Parameterization of curves is a technique used to express a curve in terms of a single variable, usually denoted as \(t\). This variable is called the parameter, and it allows us to trace the path of the curve as \(t\) varies over a certain interval.
Normally, the curve is described using vector functions, like \(\mathbf{r}(t)\). This means that each point on the curve corresponds to a specific value of \(t\).
For the given exercise, the curve is parameterized by \(\mathbf{r}(t) = (\cos t) \mathbf{i} + (\sin t) \mathbf{j}\), where \(0 \leq t \leq 2\pi\). This represents the path of a circle in the plane, traced counterclockwise.

• \(x(t) = \cos t\) gives the \(x\)-coordinate as \(t\) changes.
• \(y(t) = \sin t\) gives the \(y\)-coordinate as \(t\) changes.

This parameterization is essential for performing the line integral along this curve.

After defining a curve, a key step in line integrals is to compute the magnitude of the vector function that describes its rate of change, or its derivative. The magnitude of a vector \(\mathbf{v} = (v_x, v_y)\) is given by \(\|\mathbf{v}\| = \sqrt{v_x^2 + v_y^2}\).
In the context of our problem, the vector function \(\mathbf{r}'(t)\) is the derivative of the parameterization: \[ \mathbf{r}'(t) = (-\sin t) \mathbf{i} + (\cos t) \mathbf{j} \].
To find its magnitude, calculate:

• \((-\sin t)^2\) is \(\sin^2 t\).
• \((\cos t)^2\) remains \(\cos^2 t\).

Add these together:
\(\sin^2 t + \cos^2 t = 1\), so the magnitude \(\|\mathbf{r}'(t)\|\) equals 1. This simplification is due to the Pythagorean identity.

Integration is a mathematical process of finding the accumulation of quantities, often representing areas under curves or other quantities like lengths of paths. In the context of line integrals, it helps us sum up values of a function along a path described by a curve.
For line integrals, we integrate the function \(f(x(t), y(t))\) times the magnitude of the curve's derivative over the given parameter \(t\). This is formally written as:
\[ \int_{a}^{b} f(x(t), y(t)) \| \mathbf{r}'(t) \| \, dt \]
In our example, we compute:

• \(\int_{0}^{2\pi} (\cos t - \sin t + 3) \, dt \)

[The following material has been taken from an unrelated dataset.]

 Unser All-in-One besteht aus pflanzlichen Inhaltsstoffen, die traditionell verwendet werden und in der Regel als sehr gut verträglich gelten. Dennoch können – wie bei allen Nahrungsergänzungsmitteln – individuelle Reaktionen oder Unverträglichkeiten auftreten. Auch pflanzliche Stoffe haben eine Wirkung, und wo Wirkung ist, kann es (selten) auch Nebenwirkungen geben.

This integral is computed component-wise, resulting in an accumulation of the function's values along the circular path from \(t = 0\) to \(t = 2\pi\).

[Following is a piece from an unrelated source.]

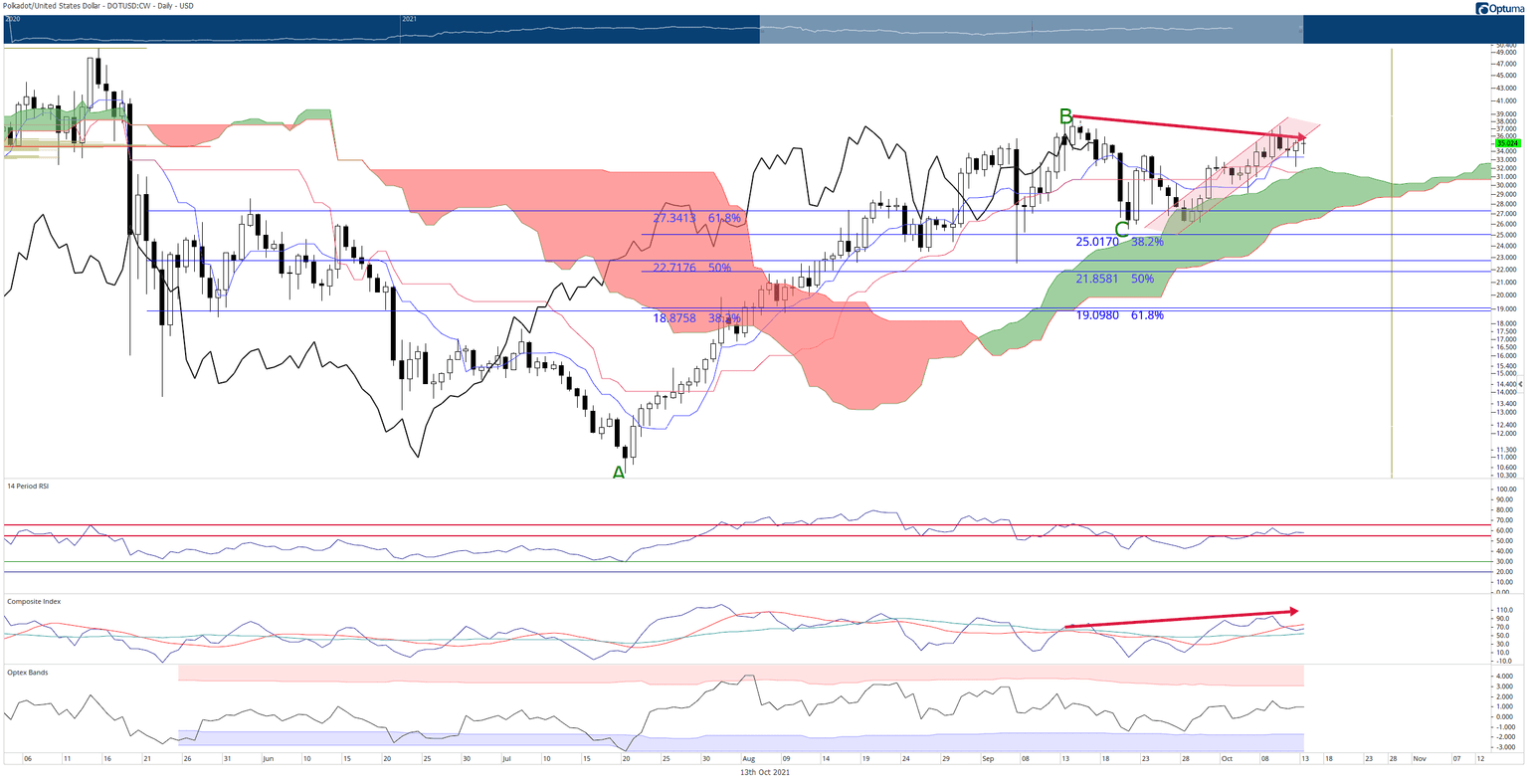 Polkadot price has formed a double-top with the highs formed near $38 precisely one month ago. It is now trending lower with significant selling pressure over the past three trading days – but buyers have stepped in to keep the bodies of the daily candlesticks above the Tenkan-Sen.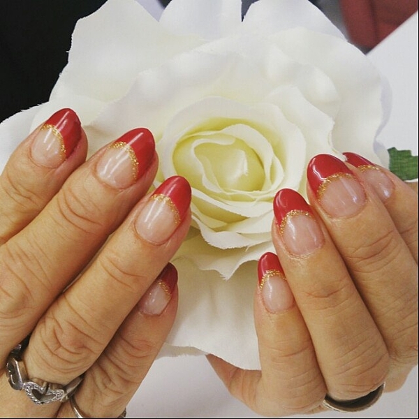 フレンチラインのゴールドラメが華やかさをプラス♪

A scalar field is a function that assigns a single scalar (number) to every point in space. In this exercise, the scalar field is \(f(x, y) = x - y + 3\).
This function gives us a value based on the current \(x\) and \(y\) coordinates, depicting how its values vary across the plane. In the context of line integrals, we evaluate this scalar field along a curve, typically parameterized as discussed earlier.
The value of the scalar field is crucial for determining the outcome of the line integral, as it reflects the function's contribution at each point on the path. Hence, the integral of this scalar field over the curve measures how the function behaves along this specific path. For this problem, at each \(t\), we have:

• \(f(x(t), y(t)) = \cos t - \sin t + 3\)

Finding the integral with respect to this scalar field lets us understand how its values accumulate over the given circular path.